The cache simulator can be used to analyze the stream of last-level cache (LLC) miss addresses. This can be useful when looking for patterns that can be utilized in software prefetching. The current analyzer can only identify simple stride patterns, but it can be extended to search for more complex patterns. To invoke the miss analyzer, pass miss_analyzer to the -simulator_type parameter. To write the prefetching hints to a file use the -LL_miss_file parameter to specify the file's path and name.

For example, to run the analyzer on a benchmark called "my_benchmark" and store the prefetching recommendations in a file called "rec.csv", run the following:

$ bin64/drrun -t drcachesim -simulator_type miss_analyzer -LL_miss_file rec.csv -- my_benchmark

Physical Addresses

The memory access tracing client gathers virtual addresses. On Linux, if the kernel allows user-mode applications access to the /proc/self/pagemap file, physical addresses may be used instead. This can be requested via the -use_physical runtime option (see Simulator Parameters). This works on current kernels but is expected to stop working from user mode on future kernels due to recent security changes (see http://git.kernel.org/cgit/linux/kernel/git/torvalds/linux.git/commit/?id=ab676b7d6fbf4b294bf198fb27ade5b0e865c7ce).

Core Simulation Support

The drcachesim trace format includes information intended for use by core simulators as well as pure cache simulators. For traces that are not filtered by an online first-level cache, each data reference is preceded by the instruction fetch entry for the instruction that issued the data request. Additionally, on x86, string loop instructions involve a single insruction fetch followed by a loop of loads and/or stores. A drcachesim trace includes a special "no-fetch" instruction entry per iteration so that core simulators have the instruction information to go along with each load and store, while cache simulators can ignore these "no-fetch" entries and avoid incorrectly inflating instruction fetch statistics.

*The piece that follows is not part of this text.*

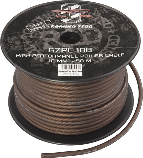 Krátký popis značkový napájecí kabel Ground Zero pro zesilovač, průřez 10mm2, transparentní černý, prodáváno po metrech

Offline traces guarantee that a branch target instruction entry in a trace must immediately follow the branch instruction with no intervening thread switch. This allows a core simulator to identify the target of a branch by looking at the subsequent trace entry.

Traces include scheduling markers providing the timestamp and hardware thread identifier on each thread transition, allowing a simulator to more closely match the actual hardware if so desired.

Traces also include markers indicating disruptions in user mode control flow such as signal handler entry and exit.

A final feature that aids core simulators is the pair of interfaces module_mapper_t::get_loaded_modules() and module_mapper_t::find_mapped_trace_address(), which facilitate reading the raw bytes for each instruction in order to obtain the opcode and full operand information.

Extending the Simulator

The drcachesim tool was designed to be extensible, allowing users to easily model different caching devices, implement different models, and gather custom statistics.

To model different caching devices, subclass the simulator_t, caching_device_t, caching_device_block_t, caching_device_stats_t classes.

To implement a different cache model, subclass the cache_t class and override the request(), access_update(), and/or replace_which_way() method(s).

Statistics gathering is separated out into the caching_device_stats_t class. To implement custom statistics, subclass caching_device_stats_t and override the access(), child_access(), flush(), and/or print_stats() methods.

Customizing the Tracer

The tracer supports customization for special-purpose i/o via drmemtrace_replace_file_ops(), allowing traces to be written to locations not supported by simple UNIX file operations. One option for using this function is to create a new client which links with the provided drmemtrace_static library, includes the drmemtrace/drmemtrace.h header via:

use_DynamoRIO_drmemtrace_tracer(mytool)

And includes its own dr_client_main() which calls drmemtrace_client_main().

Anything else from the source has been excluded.